A “Welcome to Camp” celebration kicked off the 2019 Minnesota Governor’s Deer Hunting Opener Thursday evening in Fergus Falls.
Deer hunters primed for the nine-day firearms season, which kicks off Saturday, were on hand first in the Bigwood Event Center and later in the Z103 Bar and Grill, to take part in raffles, games and entertainment.
Department of Natural Resources Commissioner Sarah Strommen was the top member of the state government present. Strommen was appointed to the position on Jan. 7 by Gov. Tim Walz. Strommen oversees a staff of 2,700 from the DNR headquarters in St. Paul.

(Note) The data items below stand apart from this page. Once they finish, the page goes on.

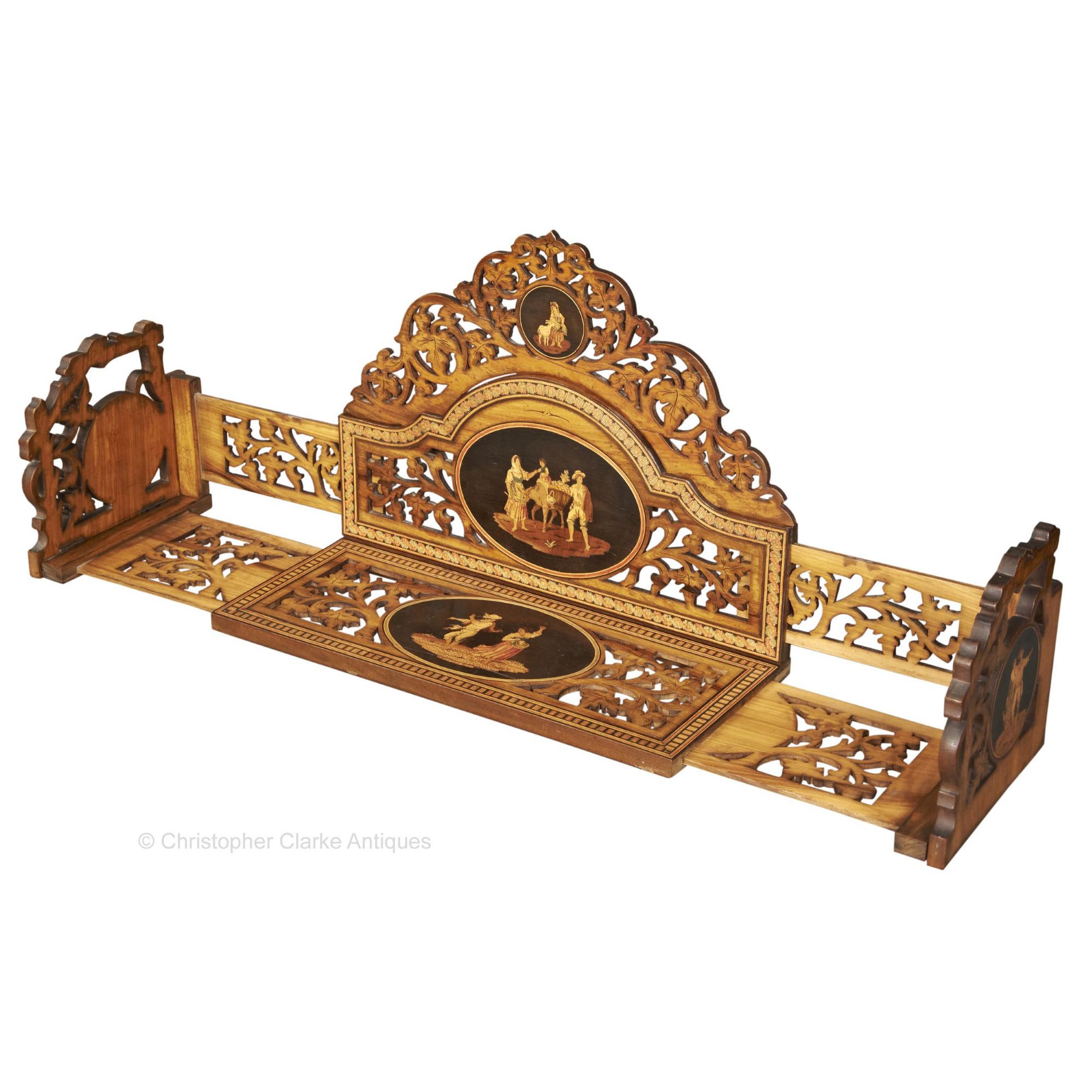 A Sorrento Ware walnut with various inlaid woods, fretwork Book Slide. The Book Slide extends in length and dismantles into three pieces to flat pack for travel. The arched cresting rail lifts off, and the back board also lifts up. It's held to the sides by long dovetails that slide into their counterparts to the inside back of the sides. The back board also has two locating lugs that drop into holes to the back of the base.
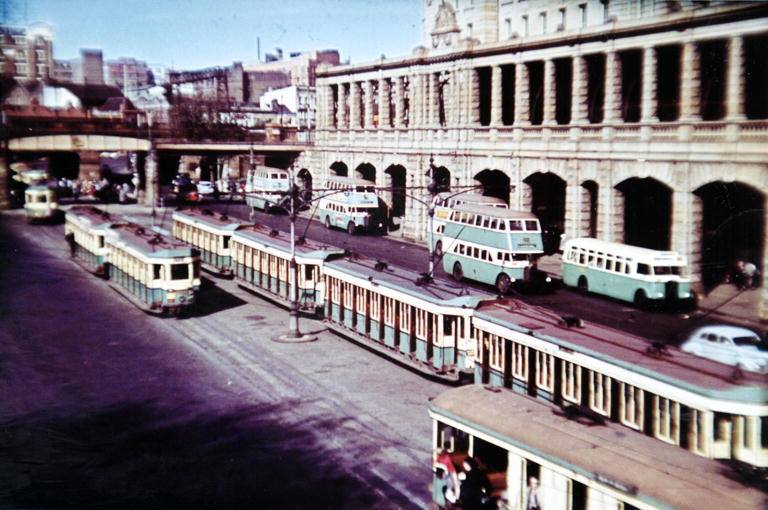 1955 circa Trams and traffic at Railway Square
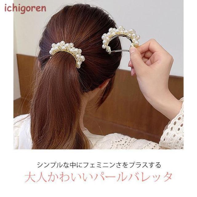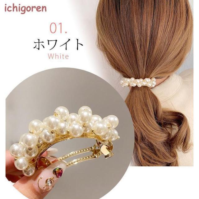 バレッタ 小さめ 韓国 パール ヘアアクセサリー かわいい シンプル 韓国ファッション ホワイト ゴールド
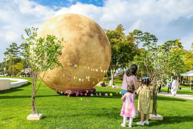 ¼øÃµ¸¸±¹°¡Á¤¿ø È£¼öÁ¤¿ø °ø¿¬Àå¿¡ ¼³Ä¡µÈ ´ëÇü º¸¸§´Þ Á¶Çü¹° ¾Õ¿¡¼ ÇÑ °¡Á·ÀÌ ¼Ò¿ø ÂÊÁö¸¦ ´Þ°í ÀÖ´Ù
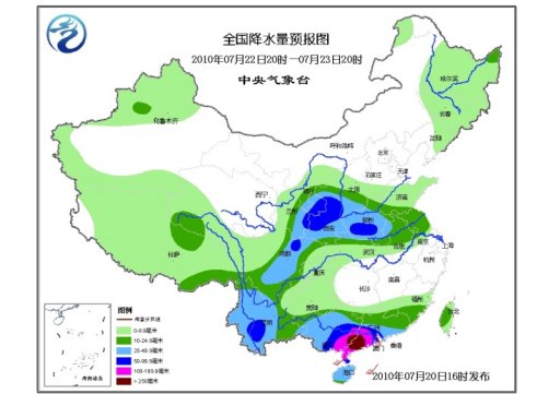 22日20時(shí)至23日20時(shí),新疆南部山區(qū)和天山以北地區(qū)、青海西南部、西藏、內(nèi)蒙古東北部、東北大部、甘肅東部、寧夏、陜西、華北西部和南部、黃淮、江淮、江漢、華南大部、西南地區(qū)大部有小到中雨或陣雨,其中,四川中部和北部、甘肅東部、陜西中南部、山西西南部、河南大部、湖北西北部、廣東南部、廣西大部、海南、云南中西部等地有大雨或暴雨;廣東西南部、廣西東南部等地有大暴雨,局部特大暴雨;上述地區(qū)局部并伴有短時(shí)雷雨大風(fēng)等強(qiáng)對(duì)流天氣。新新疆中部、內(nèi)蒙古西部等地有4~6級(jí)風(fēng)。受熱帶風(fēng)暴“燦都”的影響,南海北部海域?qū)⒂?~9級(jí)大風(fēng),“燦都”中心經(jīng)過(guò)的附近海面的風(fēng)力可達(dá)10~11級(jí),部分海域陣風(fēng)可達(dá)12級(jí)。

Strommen is no stranger to deer hunting which she proved by touching on two very important aspects of deer hunting - the special magic of the season - which annually draws approximately 500,000 hunters into the woods and fields of Minnesota and the family aspect - which brings out hunters and non-hunters and creates a holiday atmosphere and a lot of memories.
“Come Saturday, we’ll all be a part of something bigger,” Strommen said.
Fergus Falls Mayor Ben Schierer, representing the host city, talked about his own hunting experiences and passing them along to his son. Schierer also talked about the thrill of hunting with Minnesota’s governor.
Barb Keller, the DNR’s big game program leader, brought out the fact that hunting has a $465 million impact on the economy annually.
After addressing the threat posed by chronic wasting disease (CWD) to Minnesota’s deer herd, Keller pointed out another threat - the fact that by 2030 one-fifth of all Minnesota deer hunters will be over 65. The DNR is trying to combat the aging of the state’s deer hunting fraternity with a youth hunting season and the efforts to bring females into the hunting ranks.
Following a 10 a.m. “Big Buck Brunch” at the Bigwood on Friday, which will include talks by Walz, Strommen and dignitaries of the Minnesota Deer Hunters Association and Explore Minnesota, other activities are planned. Capping off the three days of bringing attention to the outdoors will be a trip into the woods of Otter Tail County and then lunch at 11 a.m. with Walz at Mabel Murphy’s and a recapping of the first morning of the firearms deer season.